Gould also denied the concept that blockchain domains were designed to be infected by malware, arguing that they would instead serve to build confidence in the conduct of bitcoin transactions. According to him, “anonymous users prefer to establish fresh addresses every time since this is excellent practice.” Because domains offer a single distinctive nonchanging destination, crypto payments become less anonymous as a result of their use.”
Microsoft refused to provide any information on the results of the research. Despite the fact that blockchain domains have been used for malware in the past, Sean Gallagher, a senior threat researcher with the research firm Sophos, wrote in an email that the need for custom routing made them an inefficient option for such attacks because malware cannot spread via standard web browsers that aren’t compatible with the domains.
Moreover, he pointed out that blockchain domains provide less privacy than Tor, the cloaked routing technology that is used to circumvent many censorship regimes: “They do not provide anonymity for the destination.” If you want to go to a blockchain domain, such as brad.crypto (the web space of Unstoppable Domains cofounder Bradley Kam), the quickest and most straightforward method is to utilize one of the few browsers now supporting that namespace, such as the Chrome-based, privacy-optimized Brave.
In Brave’s URL bar, type in brad.crypto, then click to accept the blockchain routing, and you should be able to see Kam’s gallery of NFT (non-fungible token) artwork.
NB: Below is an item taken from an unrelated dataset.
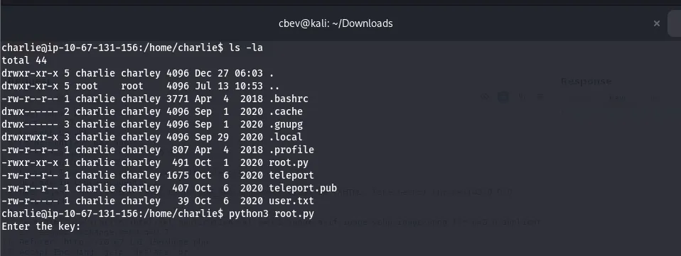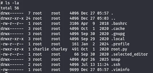 The root.py is also owned by charlie so we can execute it either way, but I chose to move it to charlie’s home directory.

The University of Pennsylvania’s Wharton School’s Kevin Werbach, who recently registered the name kwerb.eth (which refers to another blockchain domain system, the Ethereum Name Service), expressed his skepticism that browser support for blockchain domains will be expanded in the near future.
“Google, Apple, and Microsoft are not going to give native support until they have a high degree of confidence that those issues have been addressed,” he wrote. People’s willingness to switch browsers, install browser extensions, or custom-configure DNS settings will be dependent on their inclination to do so; the latter two habits are the kind of tinkering that are sometimes exploited by malware.
In addition, “DNS has security weaknesses that are partially related to its centralized structure,” Werbach said, “but placing domain names on a blockchain introduces a new set of security issues. I don’t believe we know enough about the severity of the relative dangers to be able to make categorical conclusions about them.”
Skepticism is warranted in light of the current level of frothiness surrounding bitcoin and blockchain excitement. Mike Masnick, publisher of the Techdirt technology-policy blog and a proponent of a more decentralized social internet, praised the potential for blockchain domains “to create both a different kind of incentive structure and one in which users may retain more control over their own information,” according to Masnick.
“The blockchain field today is almost exclusively populated by mercenary individuals seeking profit,” he said, “which has some important elements—in terms of bringing in money and rewarding certain behaviors—but also has the genuine potential to prioritize pure profit over social value.” Masnick did not draw attention to the connections between his work and today’s commercial social media. But why would he feel compelled to?